ECLI:NL:RVS:2025:820
Raad van State
- Wraking
- D.A. Verburg
- N. Verheij
- E.J. Daalder
- Rechtspraak.nl
Verzoek om wraking van staatsraad mr. W. den Ouden afgewezen
Op 27 februari 2025 heeft verzoeker tijdens een zitting verzocht om wraking van staatsraad mr. W. den Ouden, die als voorzitter van de meervoudige kamer de zaak met nummer 202400040/1/A3 behandelde. Het verzoek om wraking werd gedaan op basis van de stelling dat de staatsraad vooringenomen en partijdig was, omdat hij de behandeling van het hoger beroep vanuit het perspectief van het college van burgemeester en wethouders van Haarlem zou hebben geleid. Verzoeker stelde dat de staatsraad zich klakkeloos had laten voorliegen door het college, geen oog had voor de context en emoties, en waarschijnlijk de stukken niet had gelezen. De staatsraad heeft op het verzoek om wraking niet berust en heeft een schriftelijke reactie ingediend. Tijdens de zitting op 27 februari 2025 is verzoeker, bijgestaan door een gemachtigde, gehoord via een videoverbinding, terwijl de staatsraad geen gebruik maakte van de gelegenheid om gehoord te worden.

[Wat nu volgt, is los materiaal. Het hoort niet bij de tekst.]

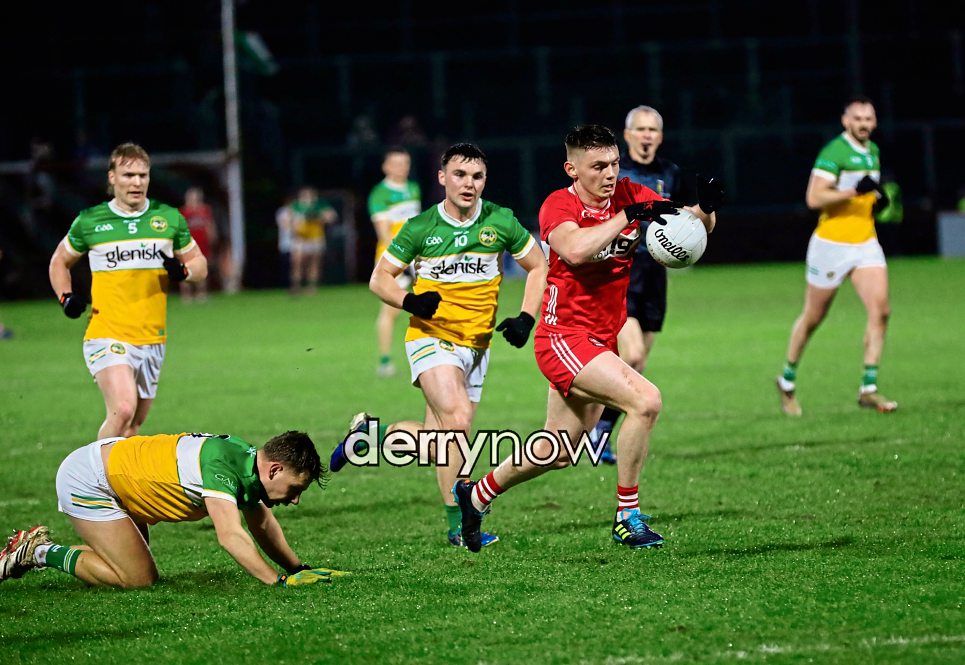 Derry’s Matthew Downey makes a break with the ball before going on to score a goal against Offaly on Saturday night at Celtic Park.

De Afdeling heeft het verzoek om wraking op 3 maart 2025 afgewezen. In de overwegingen werd gesteld dat op verzoek van een partij, ingevolge artikel 8:15 van de Algemene wet bestuursrecht (Awb), elke rechter gewraakt kan worden op basis van feiten of omstandigheden die de onpartijdigheid van de rechter in gevaar kunnen brengen. De maatstaf is dat een staatsraad verondersteld wordt onpartijdig te zijn, en het aan de verzoeker is om aan te tonen dat er bijzondere omstandigheden zijn die deze veronderstelling ondermijnen. De Afdeling concludeerde dat verzoeker niet aannemelijk had gemaakt dat de staatsraad vooringenomen of partijdig was, en dat de staatsraad verzoeker voldoende gelegenheid had geboden om zijn standpunten toe te lichten. De keuze van de staatsraad om geen getuigen onder ede te horen werd als een processuele beslissing beschouwd, die niet ter discussie stond in de wrakingsprocedure. De Afdeling oordeelde dat er geen bijkomende aanknopingspunten waren die duidden op vooringenomenheid van de staatsraad.